**Directions for this task**
Look below for the line containing "51名学生还选择自主创业,文" and the line containing "Los trabajadores se", then set down both and every line between them exactly, without pictures.

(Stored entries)
+===+

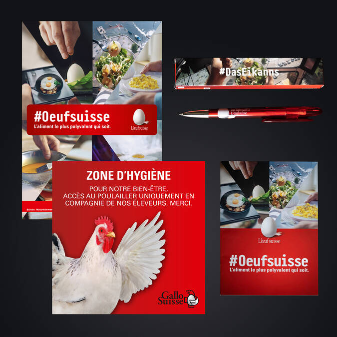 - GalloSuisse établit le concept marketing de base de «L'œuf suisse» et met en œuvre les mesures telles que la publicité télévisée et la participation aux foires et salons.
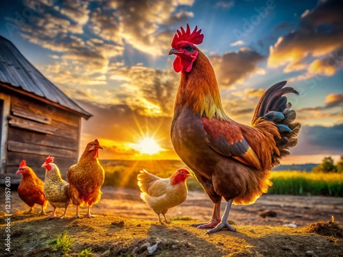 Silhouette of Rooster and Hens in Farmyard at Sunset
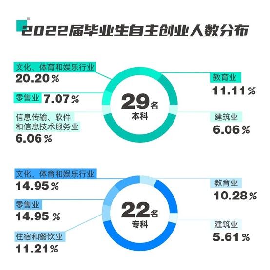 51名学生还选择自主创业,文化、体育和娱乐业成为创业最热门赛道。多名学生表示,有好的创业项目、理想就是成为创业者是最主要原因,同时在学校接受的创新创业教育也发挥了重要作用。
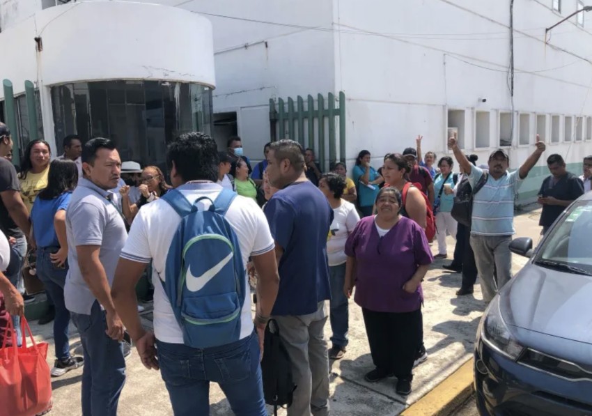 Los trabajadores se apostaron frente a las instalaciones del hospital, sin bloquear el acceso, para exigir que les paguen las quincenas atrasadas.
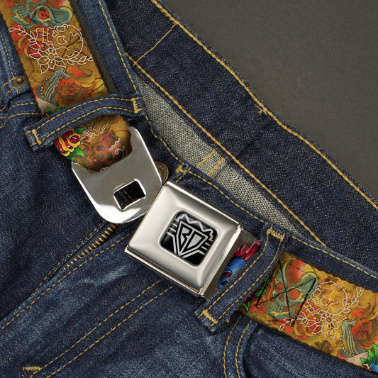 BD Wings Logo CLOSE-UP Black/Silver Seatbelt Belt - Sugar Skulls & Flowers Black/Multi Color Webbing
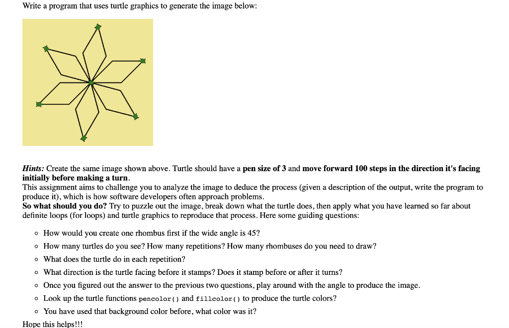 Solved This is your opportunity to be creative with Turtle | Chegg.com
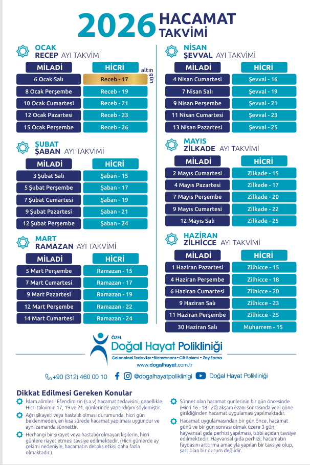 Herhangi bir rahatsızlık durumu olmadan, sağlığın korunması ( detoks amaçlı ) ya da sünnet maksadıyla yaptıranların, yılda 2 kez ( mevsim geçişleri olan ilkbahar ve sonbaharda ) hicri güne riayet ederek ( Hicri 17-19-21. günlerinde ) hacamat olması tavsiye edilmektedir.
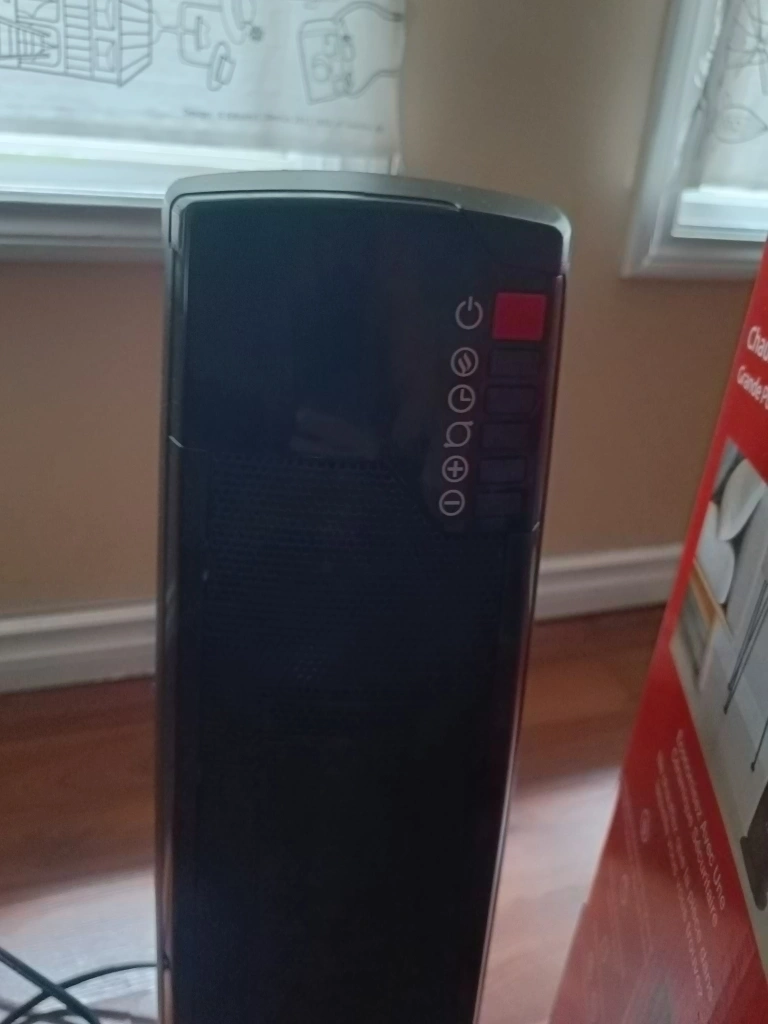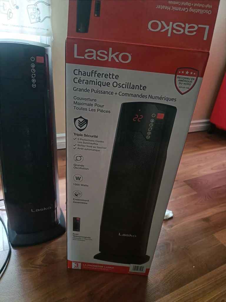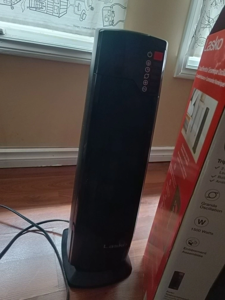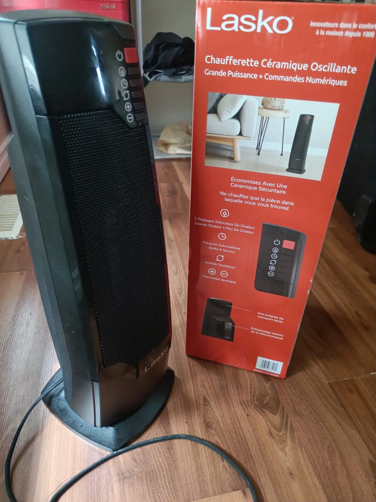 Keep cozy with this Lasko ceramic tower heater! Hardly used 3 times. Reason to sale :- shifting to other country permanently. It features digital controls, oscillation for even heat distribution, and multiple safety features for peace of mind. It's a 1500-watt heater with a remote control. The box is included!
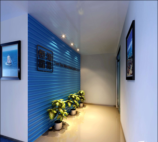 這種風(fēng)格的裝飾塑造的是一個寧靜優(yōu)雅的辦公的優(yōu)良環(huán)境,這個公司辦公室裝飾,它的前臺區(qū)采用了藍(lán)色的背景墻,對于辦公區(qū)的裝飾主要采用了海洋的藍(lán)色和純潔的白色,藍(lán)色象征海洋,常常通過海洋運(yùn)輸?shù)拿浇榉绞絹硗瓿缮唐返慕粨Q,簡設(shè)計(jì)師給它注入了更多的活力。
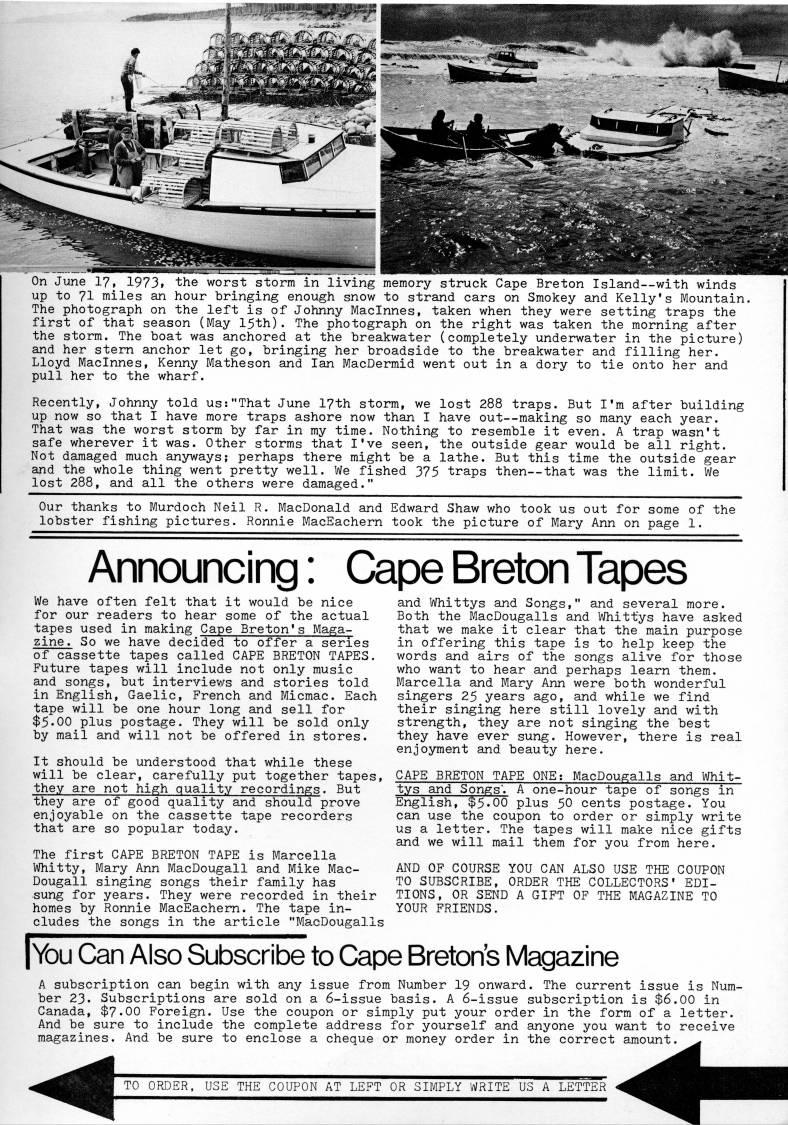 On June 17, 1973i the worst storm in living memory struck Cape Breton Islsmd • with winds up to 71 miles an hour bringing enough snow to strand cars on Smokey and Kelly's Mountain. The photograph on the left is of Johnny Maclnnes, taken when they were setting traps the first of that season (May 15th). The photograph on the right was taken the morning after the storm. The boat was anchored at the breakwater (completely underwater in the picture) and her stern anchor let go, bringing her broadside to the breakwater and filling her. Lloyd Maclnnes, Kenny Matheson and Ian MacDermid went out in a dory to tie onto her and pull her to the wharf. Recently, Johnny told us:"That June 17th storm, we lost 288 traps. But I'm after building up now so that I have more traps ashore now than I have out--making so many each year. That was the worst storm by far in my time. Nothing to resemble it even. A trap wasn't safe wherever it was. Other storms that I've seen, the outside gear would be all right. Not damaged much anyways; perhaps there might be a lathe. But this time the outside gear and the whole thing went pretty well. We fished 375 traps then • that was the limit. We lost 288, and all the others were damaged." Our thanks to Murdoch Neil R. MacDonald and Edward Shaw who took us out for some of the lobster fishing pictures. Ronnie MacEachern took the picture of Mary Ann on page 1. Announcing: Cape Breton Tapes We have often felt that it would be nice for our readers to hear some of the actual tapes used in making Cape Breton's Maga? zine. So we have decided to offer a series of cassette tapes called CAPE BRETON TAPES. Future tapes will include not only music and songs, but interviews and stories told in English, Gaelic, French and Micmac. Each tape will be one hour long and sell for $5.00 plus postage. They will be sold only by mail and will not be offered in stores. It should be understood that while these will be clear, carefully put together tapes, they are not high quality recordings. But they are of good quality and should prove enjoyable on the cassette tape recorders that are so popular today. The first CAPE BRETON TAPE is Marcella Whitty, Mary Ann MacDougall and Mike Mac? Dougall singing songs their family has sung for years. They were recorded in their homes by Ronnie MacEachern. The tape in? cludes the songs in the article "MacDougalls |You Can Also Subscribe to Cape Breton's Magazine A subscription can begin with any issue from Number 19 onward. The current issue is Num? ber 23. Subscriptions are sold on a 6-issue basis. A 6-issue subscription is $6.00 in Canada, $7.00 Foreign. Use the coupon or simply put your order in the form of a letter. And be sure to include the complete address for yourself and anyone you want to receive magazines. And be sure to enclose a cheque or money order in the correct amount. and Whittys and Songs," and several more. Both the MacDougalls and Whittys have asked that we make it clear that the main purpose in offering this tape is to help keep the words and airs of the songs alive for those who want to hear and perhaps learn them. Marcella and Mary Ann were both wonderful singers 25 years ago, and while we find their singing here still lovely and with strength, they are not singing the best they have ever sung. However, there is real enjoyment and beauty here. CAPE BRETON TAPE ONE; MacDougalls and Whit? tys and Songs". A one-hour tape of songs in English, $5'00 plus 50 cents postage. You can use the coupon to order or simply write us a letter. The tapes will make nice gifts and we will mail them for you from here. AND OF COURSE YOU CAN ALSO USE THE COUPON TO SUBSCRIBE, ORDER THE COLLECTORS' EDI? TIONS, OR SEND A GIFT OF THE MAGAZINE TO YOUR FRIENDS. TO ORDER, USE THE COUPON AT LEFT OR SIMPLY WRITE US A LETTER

+===+

**Answer to the problem**
 51名学生还选择自主创业,文化、体育和娱乐业成为创业最热门赛道。多名学生表示,有好的创业项目、理想就是成为创业者是最主要原因,同时在学校接受的创新创业教育也发挥了重要作用。
 Los trabajadores se apostaron frente a las instalaciones del hospital, sin bloquear el acceso, para exigir que les paguen las quincenas atrasadas.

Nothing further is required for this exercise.